* **WHAT THE EXERCISE ASKS**
Word for word, copy out the entries below, but not the pictures in them.

* **RECORDS TO USE**
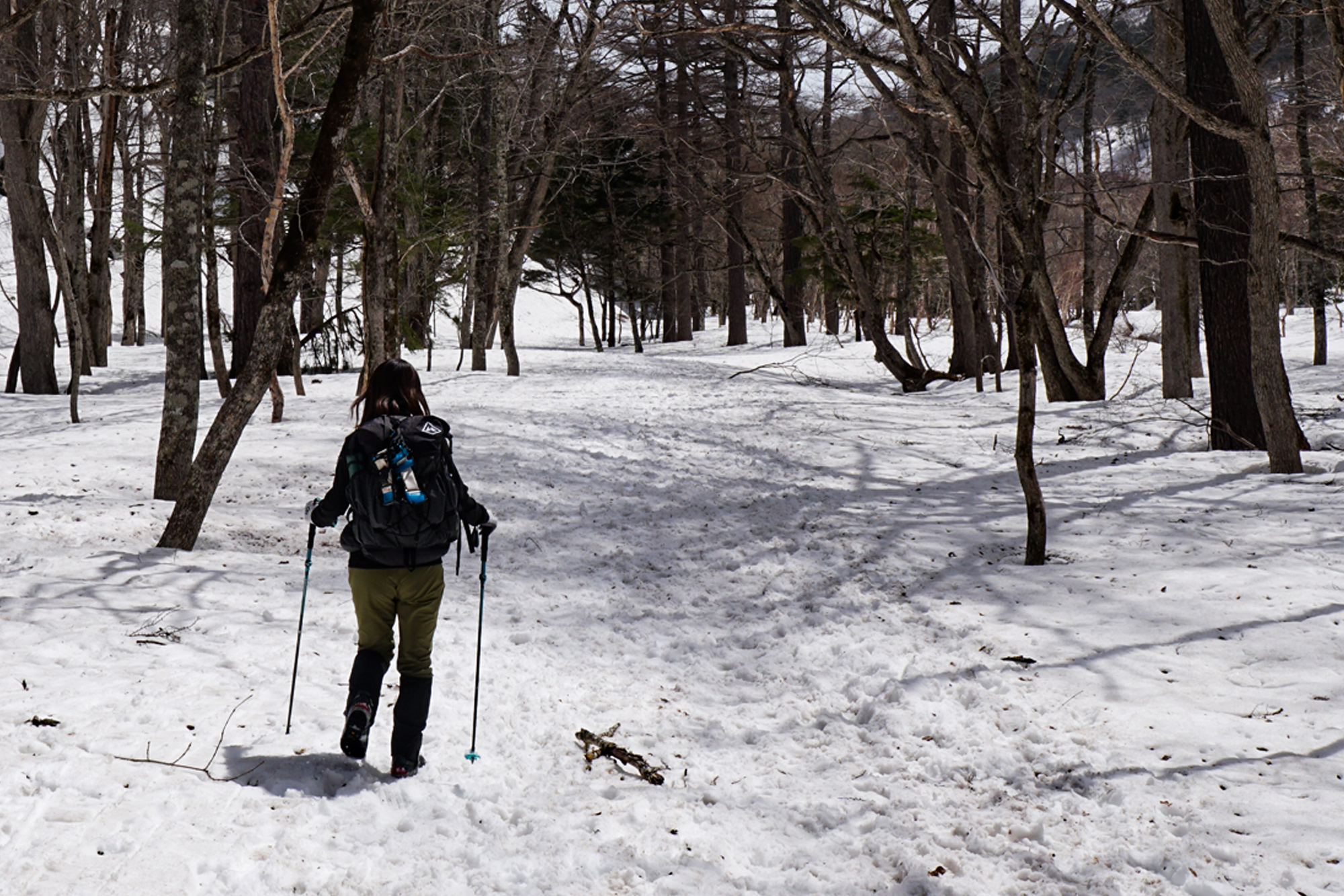 この時間になると雪もだいぶ溶けてきて、ズボズボと沈んで歩き難い。
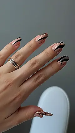 Hey there, future nail artists! Check out these super-stylish nails – they’re like a minimalist masterpiece, but way more fun. Imagine a super-chic beige base, then BAM! Swanky black stripes and a tiny sprinkle of glittery gold. It’s like modern art, but for your fingertips. You could totally rock these to school, a party, or even just chilling with your friends. No need for crazy complicated designs; less is definitely more when it comes to these trendy nails! They’re stylish, sophisticated, and totally Instagram-worthy.
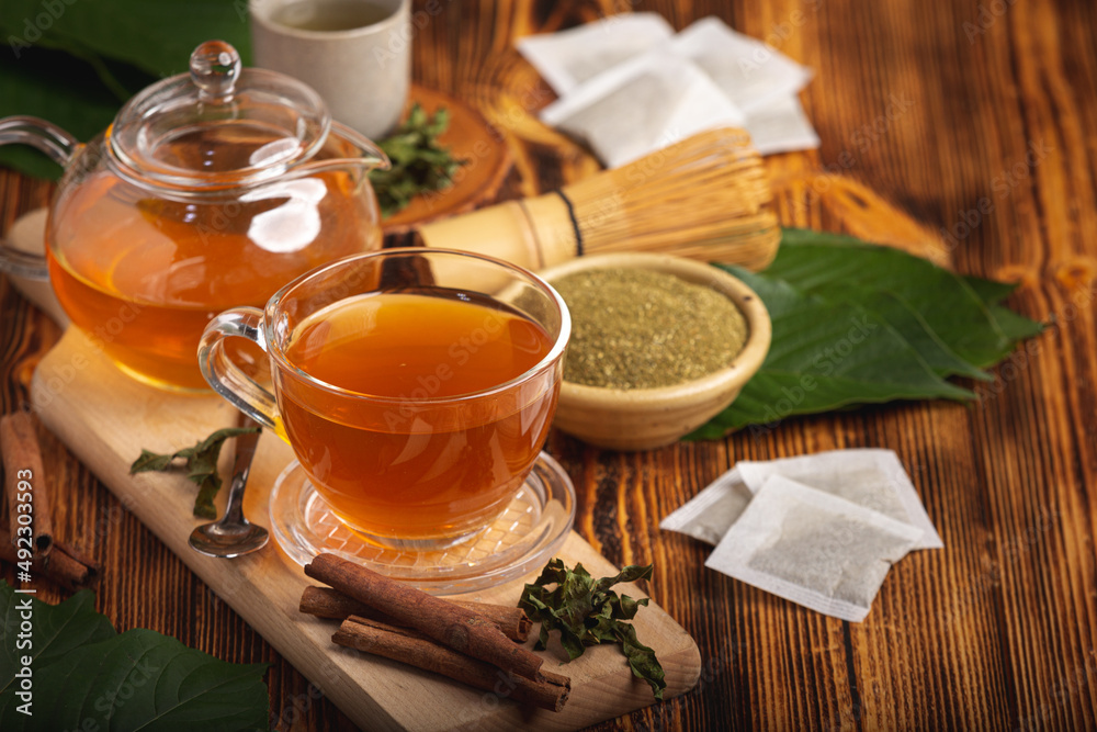 Cup of Kratom tea with fresh green kratom leaf or Mitragyna speciosa on wood background.
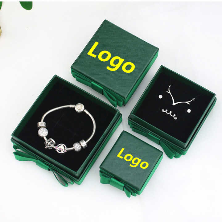 Boîte à bijoux personnalisée avec logo, coffret cadeau à tiroir coulissant avec ruban, emballage de bijoux en éponge verte pour collier, boucles d'oreilles, bracelet
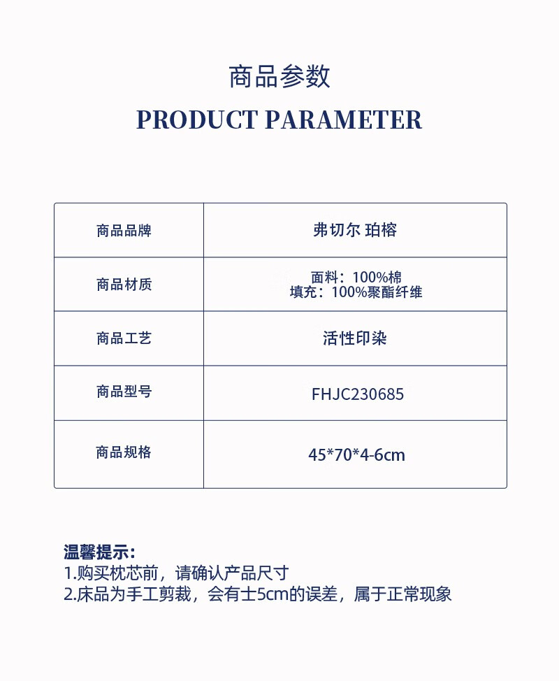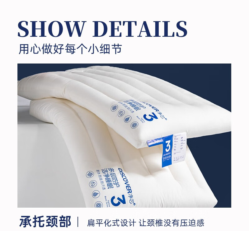 商品名称:弗切尔珀榕 净芯护颈低枕45*70*4~6cm FHJC230685
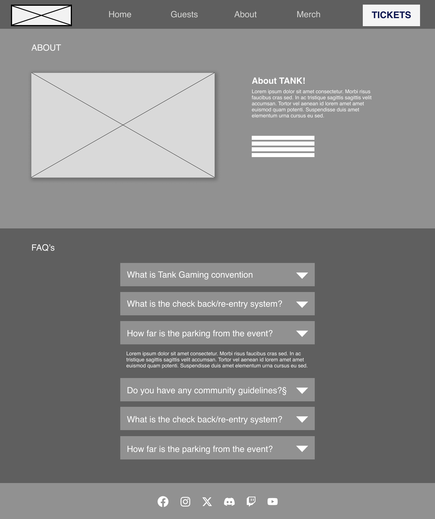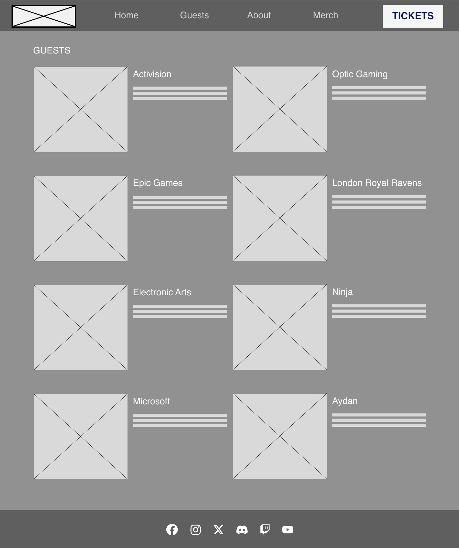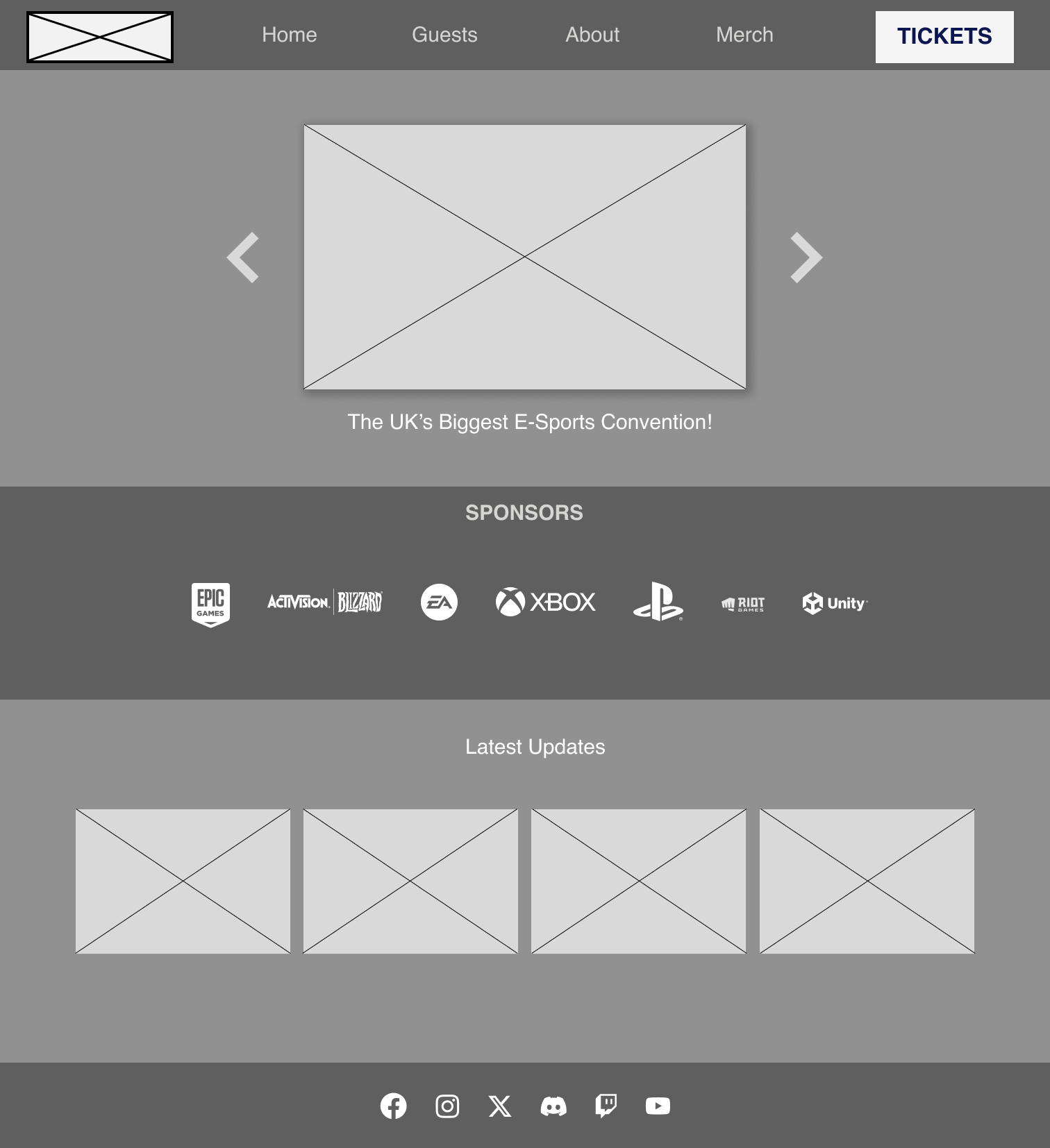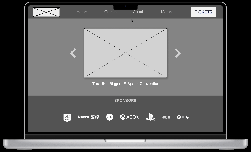 Responsive layouts play a vital part in modern design and user interface due to amount of devices and screen sizes available in today’s world, it plays a large part in breaking down barriers on who can view the website. The website needs to be able to work across devices such as computer monitors, tablets and phones being the main devices that as website will be viewed on. There are several ways that you can tailor a website to change elements based on screen size, which in turn creates an improved experience so that the user does not struggle to navigate the site. A main component that the gaming and e-sport convention will put into action to improve how it responds to different screens, is a changing header menu; as the screen size gets smaller it will be comprised of a burger drop-down menu instead of the horizontal menu bar seen in the mid-fidelity prototypes(see above), this will result in a cleaner, uncluttered layout. responsive text boxes also play a vital role in how a website acts in different sizes, being able to change the size of the screen without losing text or needing a horizontal scroll. The image below shows how a potential responsive webpage from the mid-fidelity would work and how the same content is incorporated into a mobile-size screen.
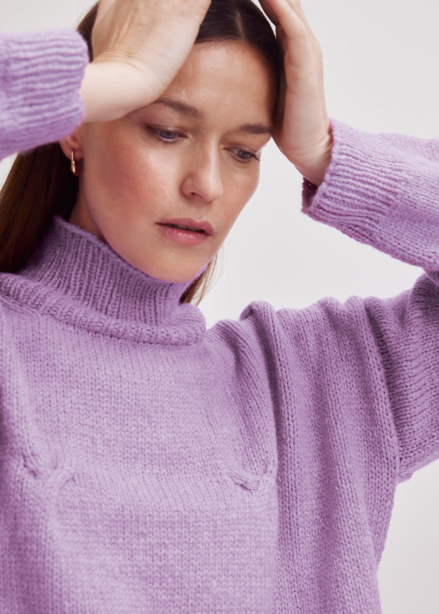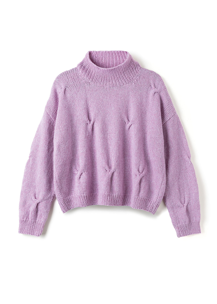 Lana Grossa-Qualität „Cool Merino Color“ или „Cool Merino“ (90 % шерсть (меринос), 10 % полиамид, длина нити = ок.150 m/50 g): ок 450 (500 - 550 - 600) г темная фуксия/цвет ржавчины/серо-синий/пинк /тёмно- желтый/горчично-желтый/королевский/бирюзовый /жёлто- зеленый/оранжевый/пинк (цв 315) или сирень (цв 32); сп. № 4 и 6; 1 вспом. сп.; 1 кр. сп. № 4.
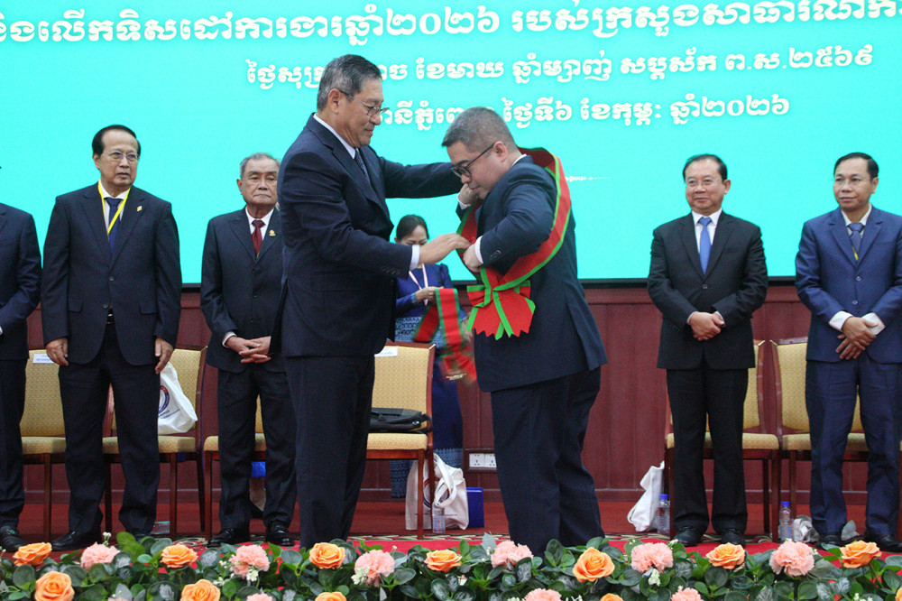 Deputy Prime Minister H.E. Sok Chenda Sophea (Pic. 1) delivers closing remarks while presiding over the Ministry of Public Works and Transport’s 2025 Annual Review Meeting and 2026 Direction-Setting Session at the ministry’s headquarters in Phnom Penh this afternoon.

* **REPLY**
 この時間になると雪もだいぶ溶けてきて、ズボズボと沈んで歩き難い。
 Hey there, future nail artists! Check out these super-stylish nails – they’re like a minimalist masterpiece, but way more fun. Imagine a super-chic beige base, then BAM! Swanky black stripes and a tiny sprinkle of glittery gold. It’s like modern art, but for your fingertips. You could totally rock these to school, a party, or even just chilling with your friends. No need for crazy complicated designs; less is definitely more when it comes to these trendy nails! They’re stylish, sophisticated, and totally Instagram-worthy.
 Cup of Kratom tea with fresh green kratom leaf or Mitragyna speciosa on wood background.
 Boîte à bijoux personnalisée avec logo, coffret cadeau à tiroir coulissant avec ruban, emballage de bijoux en éponge verte pour collier, boucles d'oreilles, bracelet
 商品名称:弗切尔珀榕 净芯护颈低枕45*70*4~6cm FHJC230685
 Responsive layouts play a vital part in modern design and user interface due to amount of devices and screen sizes available in today’s world, it plays a large part in breaking down barriers on who can view the website. The website needs to be able to work across devices such as computer monitors, tablets and phones being the main devices that as website will be viewed on. There are several ways that you can tailor a website to change elements based on screen size, which in turn creates an improved experience so that the user does not struggle to navigate the site. A main component that the gaming and e-sport convention will put into action to improve how it responds to different screens, is a changing header menu; as the screen size gets smaller it will be comprised of a burger drop-down menu instead of the horizontal menu bar seen in the mid-fidelity prototypes(see above), this will result in a cleaner, uncluttered layout. responsive text boxes also play a vital role in how a website acts in different sizes, being able to change the size of the screen without losing text or needing a horizontal scroll. The image below shows how a potential responsive webpage from the mid-fidelity would work and how the same content is incorporated into a mobile-size screen.
 Lana Grossa-Qualität „Cool Merino Color“ или „Cool Merino“ (90 % шерсть (меринос), 10 % полиамид, длина нити = ок.150 m/50 g): ок 450 (500 - 550 - 600) г темная фуксия/цвет ржавчины/серо-синий/пинк /тёмно- желтый/горчично-желтый/королевский/бирюзовый /жёлто- зеленый/оранжевый/пинк (цв 315) или сирень (цв 32); сп. № 4 и 6; 1 вспом. сп.; 1 кр. сп. № 4.
 Deputy Prime Minister H.E. Sok Chenda Sophea (Pic. 1) delivers closing remarks while presiding over the Ministry of Public Works and Transport’s 2025 Annual Review Meeting and 2026 Direction-Setting Session at the ministry’s headquarters in Phnom Penh this afternoon.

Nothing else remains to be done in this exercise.